Бидон выкарабкался из груды ящиков, встал, нежно потрогал свою потревоженную челюсть, злобно глянул на Сырцова и поинтересовался:
— А если я закричу?
— Кричи, — разрешил Сырцов и тут же спросил: — Ты — нервный?
— Очень, — с гордостью ответил Бидон.
— Тогда я на тебя браслеты надену.
В казаряновской «Волге» закованный Бидон вел себя смирно и в спиридоновский дом позволил ввести себя, не сопротивляясь.

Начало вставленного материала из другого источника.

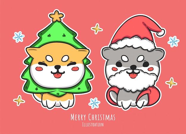 かわいい動物のイラストデザインでかわいいメリークリスマスカードPremiumベクトル素材。
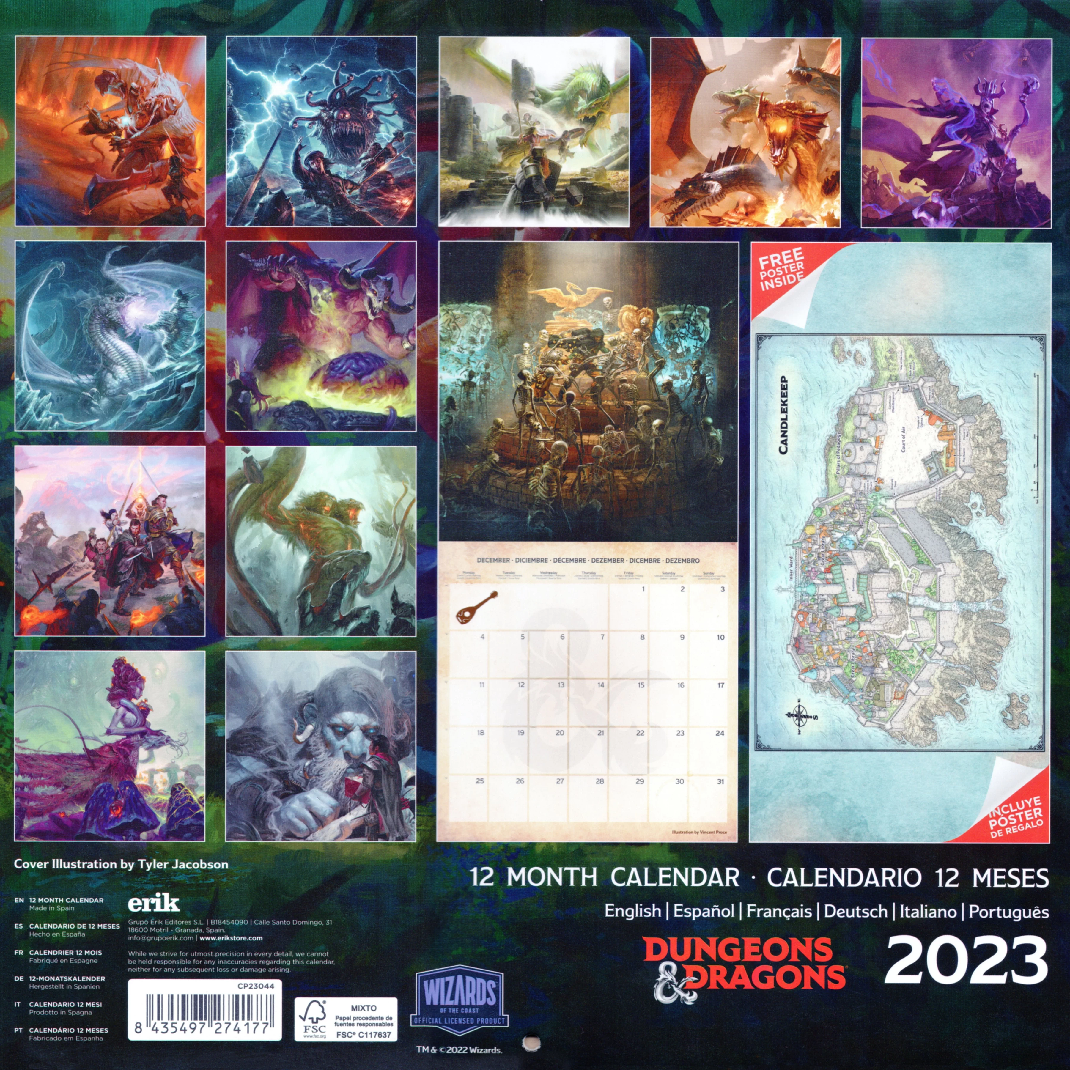 Attendez-vous à une année palpitante avec cette nouvelle édition 2023 du calendrier Dungeons & Dragons publié chez Grupo Erik Editores. Les fans du plus grand jeu de rôle au monde pourront explorer des mondes qu'ils reconnaîtront et les joueurs, dont la curiosité a été piquée lors de leurs parties, imagineront de nouvelles aventures géniales grâce aux superbes illustrations proposées par quelques-uns des plus talentueux artistes de l’univers Wizards of the Coast.

В гостиной все в том же составе сидели гости и хозяева многострадальной квартиры. При виде Бидона Смирнов ощерился-улыбнулся, как великий актер Смоктуновский, на все свои тридцать два пластмассовых зуба.
— Ишь ты какой! — ларково глядя на Бидона, оценил он его. Вгляделся в бомжа внимательней и в порядке предложения спросил: — А что, если мы его разденем и отмоем, Жора?

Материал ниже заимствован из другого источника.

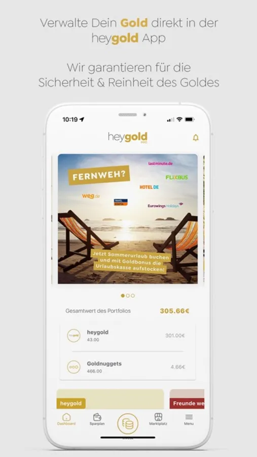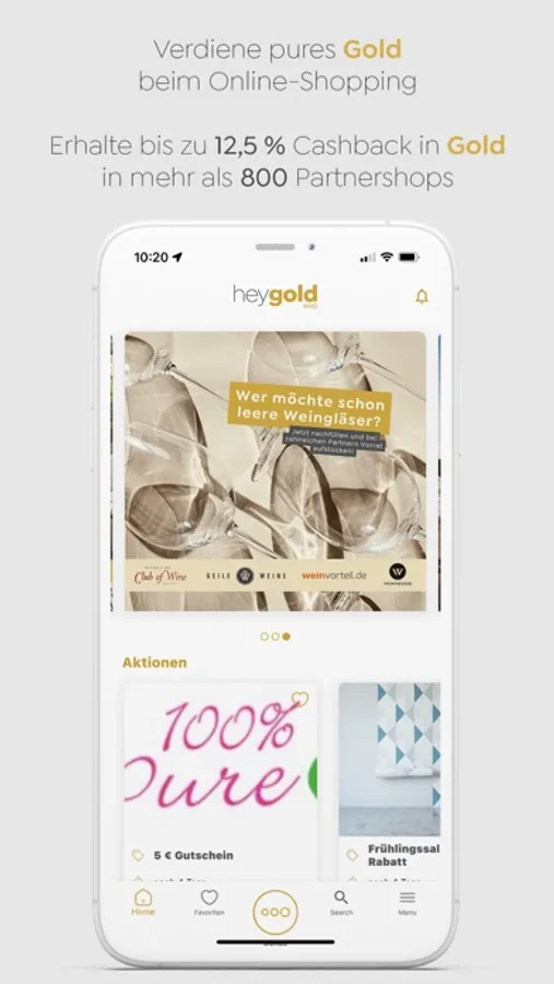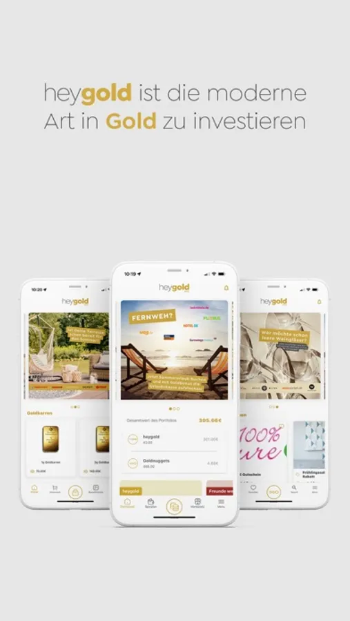 Discover the heygold world and invest in gold directly via the heygold app. With our bonus system you can also collect pure gold while shopping in more than 900 partner stores. You want to buy physical gold? No problem, in the heygold mall you will also find a wide range of gold bars and exclusive gifts. The heygold Club, on the other hand, helps you to find your way in the world of finance and provides you with interesting facts about gold and finance.

— Вшей бы в ванной не натряс, — вскинулся Спиридонов.
— Не натрясет, — успокоил Сырцов. — Я так думаю, что эти лохмотья вроде тех, что в спектакле «На дне».

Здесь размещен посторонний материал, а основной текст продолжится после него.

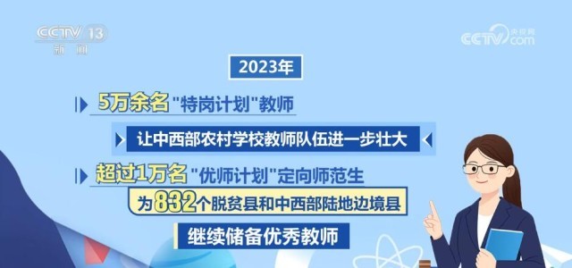 強教必先強師。2023年,5萬余名“特崗計劃”教師讓中西部農(nóng)村學(xué)校教師隊伍進(jìn)一步壯大,超過1萬名“優(yōu)師計劃”定向師范生為832個脫貧縣和中西部陸地邊境縣繼續(xù)儲備優(yōu)秀教師。

— Понт и туфта, — повторил недавние сырцовские слова Смирнов. — Займись им, Жора. Сначала сделай снимок Алькиным «Полароидом», а потом раздень и отмой.
На кухне при свете утреннего солнца бомж охотно позировал. Сырцов сделал два его портрета — анфас и в профиль, а также увековечил Бидона в полный рост.
— Эти двое — Спиридонов и Смирнов? — спросил в ванной любознательный Бидон.
— А ты откуда их знаешь? — всерьез удивился Сырцов.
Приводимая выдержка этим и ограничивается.